Trois ans plus tard, Emmanuel Macron a donc changé d’avis : il y aura bien un nouveau projet de loi, il sera présenté en décembre, le président va en dévoiler le contour ce vendredi 2 octobre aux Mureaux. Sommé au début de son quinquennat de prononcer un discours sur la laïcité, le chef de l’État a plusieurs fois repoussé une prise de parole avant de contourner le problème en proposant un concept, celui de séparatisme. Le chef de l’État l’a défini le 18 février dernier à Mulhouse : « Notre ennemi est le séparatisme, c’est-à-dire ce phénomène que nous observons depuis des décennies qui est une volonté de quitter la République, de ne plus en respecter les règles, d’un mouvement de repli qui, en raison de croyances et d’appartenance, vise à sortir du champ républicain et ça, ce n’est pas acceptable ».

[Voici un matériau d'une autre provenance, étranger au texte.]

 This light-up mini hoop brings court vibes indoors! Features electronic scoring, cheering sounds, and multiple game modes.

« Délitement de la République »

Alors que le débat sur la laïcité est devenu inflammable, alors que la droite et l’extrême droite l’attaquent pour son inaction, le président français est désormais convaincu qu’il ne peut pas rester inactif. Parmi les mesures déjà dévoilées, la suppression des subventions pour les associations qui ne respectent pas la laïcité, la lutte contre la polygamie, ou encore l’interdiction des certificats de virginité. « Je pense que la situation évolue vite », explique le député marcheur Éric Poulliat, auteur d’un rapport sur la radicalisation dans les services publics. « Le président s’aperçoit sans doute que le délitement de la République est beaucoup plus avancé que ce qu’il ne le pensait au départ dans certains territoires et qu’il y a un combat à mener pour réaffirmer la République dans ses valeurs et ses principes, tout en proposant un projet de cohésion sociale ».

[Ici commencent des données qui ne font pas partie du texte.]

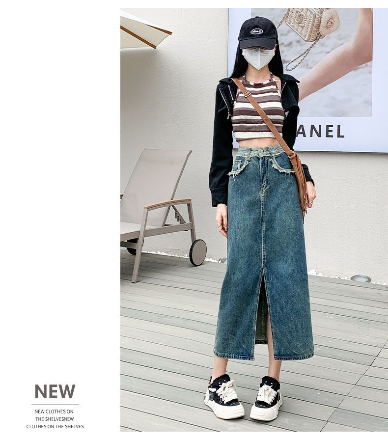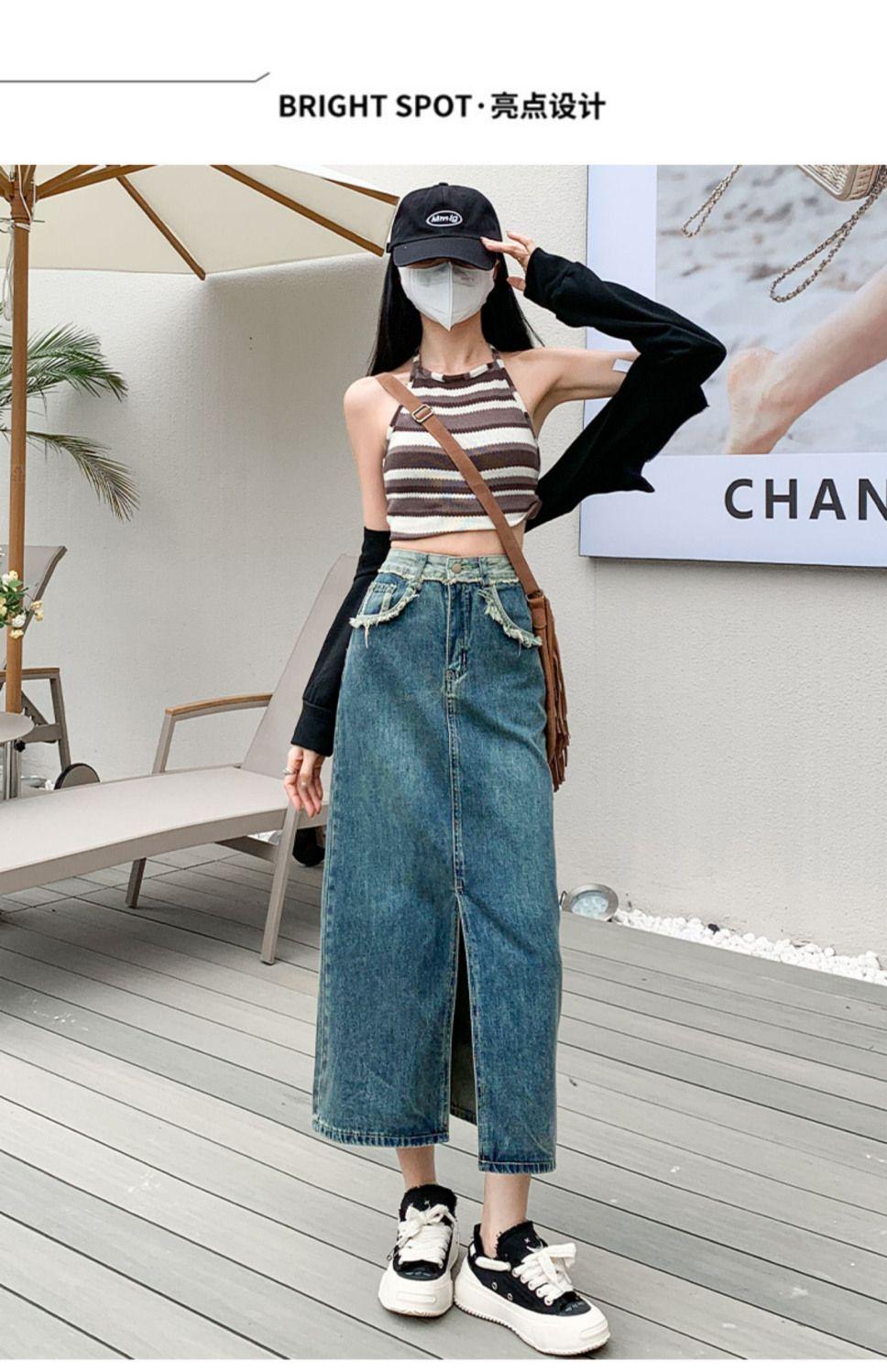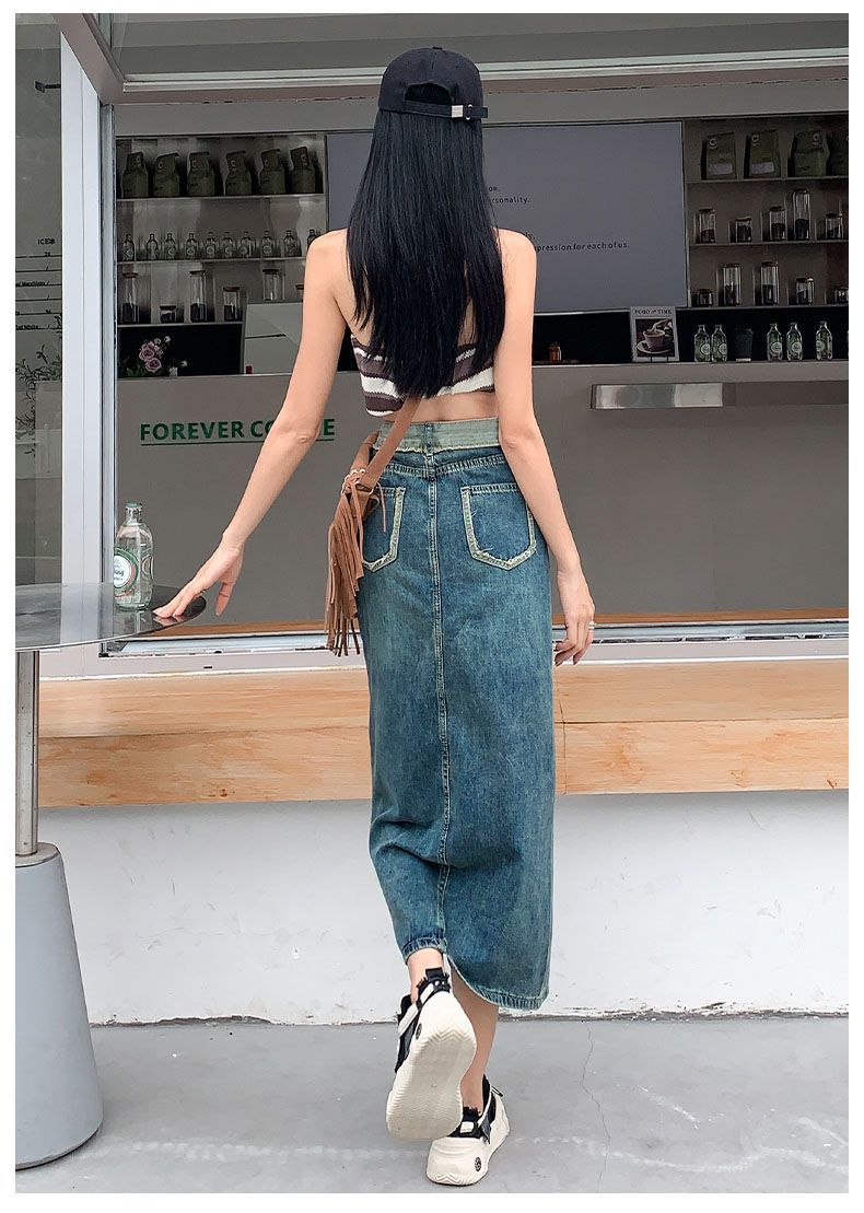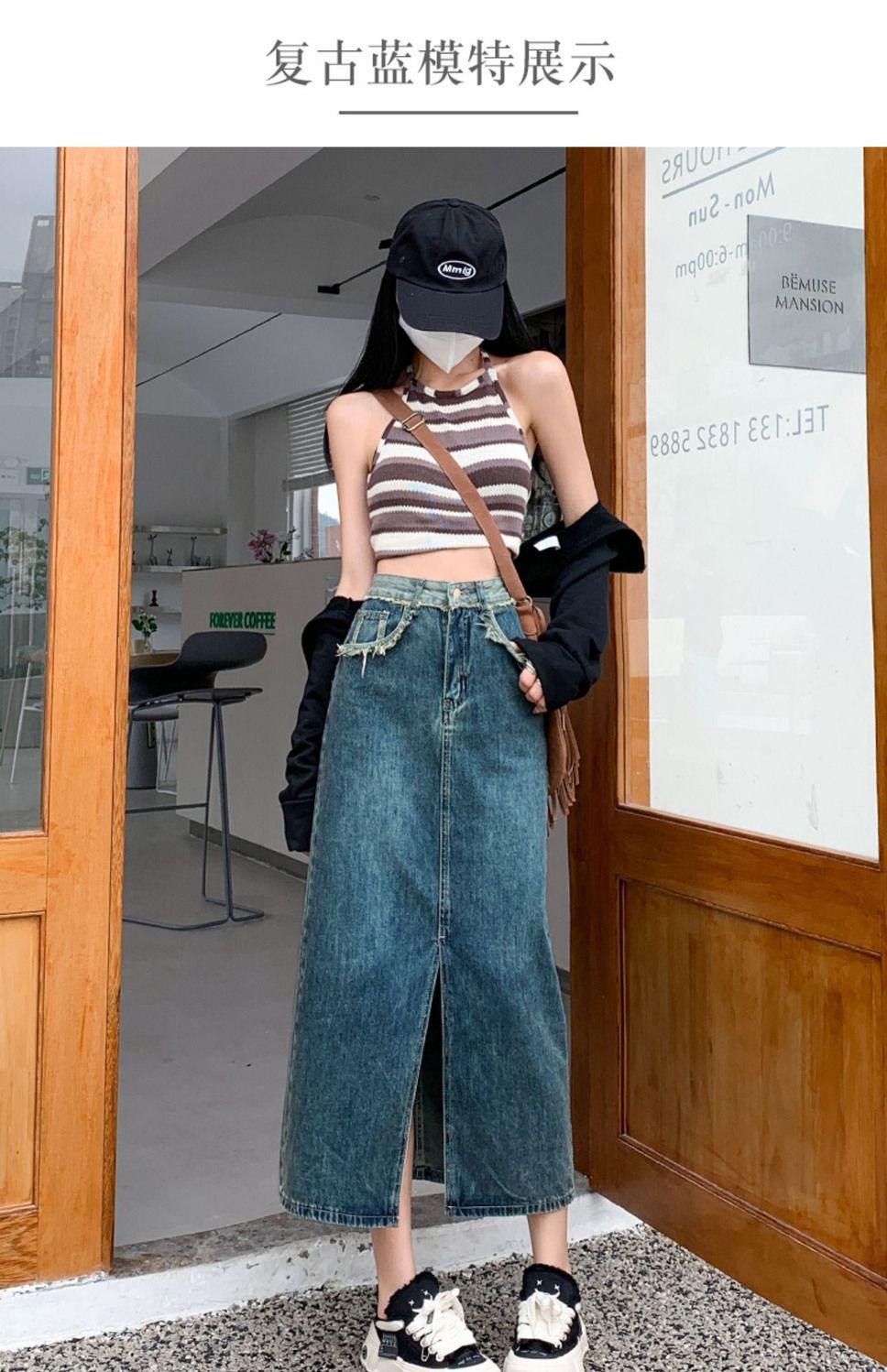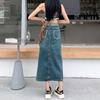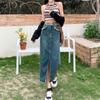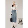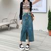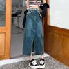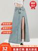 Falda vaquera con abertura en la cadera, estilo retro azul, nueva 2025, con cintura alta, adelgazante, corte A, para mujeres de estilo nicho.

« Il ne faut plus procrastiner »

Mais ce glissement du Macron candidat qui pourfendait les « revanchards de la laïcité » au Macron président qui part en croisade contre le « séparatisme islamiste » et se fait l’apôtre du « patriotisme républicain » ne plaît pas à tout le monde au sein de la Macronie. D’un côté, il y a celles et ceux qui se réjouissent du changement de ton du président et l’appellent à « ne plus avoir la main tremblante », à l’image de Francis Chouat, député du Val d’Oise, ancien maire d’Evry : « Je comprends la volonté du président de ne stigmatiser personne mais en même temps il ne faut plus procrastiner ! Parce que celles et ceux qui s’attaquent à la République, qui ont pris pied dans des territoires, qui pénètrent les organisations syndicales pour prôner le communautarisme, ceux-là, ils n’ont pas de pudeur. Ils nomment les choses. Ils veulent abattre la République française et sa construction, son histoire. Donc il ne faut pas, nous aussi, avoir de pudeur et moi, je suis pour stigmatiser les terrorismes de l’islamisme politique radical ».

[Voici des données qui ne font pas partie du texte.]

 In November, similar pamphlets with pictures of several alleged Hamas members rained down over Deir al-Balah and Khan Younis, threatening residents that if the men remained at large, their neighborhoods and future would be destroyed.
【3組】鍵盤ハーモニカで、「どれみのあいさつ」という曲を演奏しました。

« Pas besoin de fractrurer la société »

De l’autre côté, il y a celles et ceux qui sont peu à l’aise avec l’offensive régalienne du président. Comme cette ministre qui juge le terme séparatisme « peu parlant ». Comme cette autre qui s’inquiète en privé : « brandir la laïcité contre une religion, c’est pousser des jeunes vers le radicalisme parce qu’ils ne se sentent pas intégrés ». « Avec mesure et avec discernement, nous pouvons très bien faire le travail et donc lutter contre les personnes qui prêchent la haine, l’exclusion, la radicalité et veulent s’autonomiser. Pas besoin pour ça de fracturer la société plus qu’elle ne l’est déjà, renchérit le député En Marche Sacha Houlié. J’espère que le président sera à la hauteur du discours qu’il avait fait en 2016 et qui est tout à fait clair sur la question ». Depuis quelques jours, l’exécutif cherche à corriger sa copie pour justement donner une dimension plus « positive », dixit l’Elysée, au futur projet de loi, avec des mesures pour rétablir « la promesse républicaine dans les quartiers ».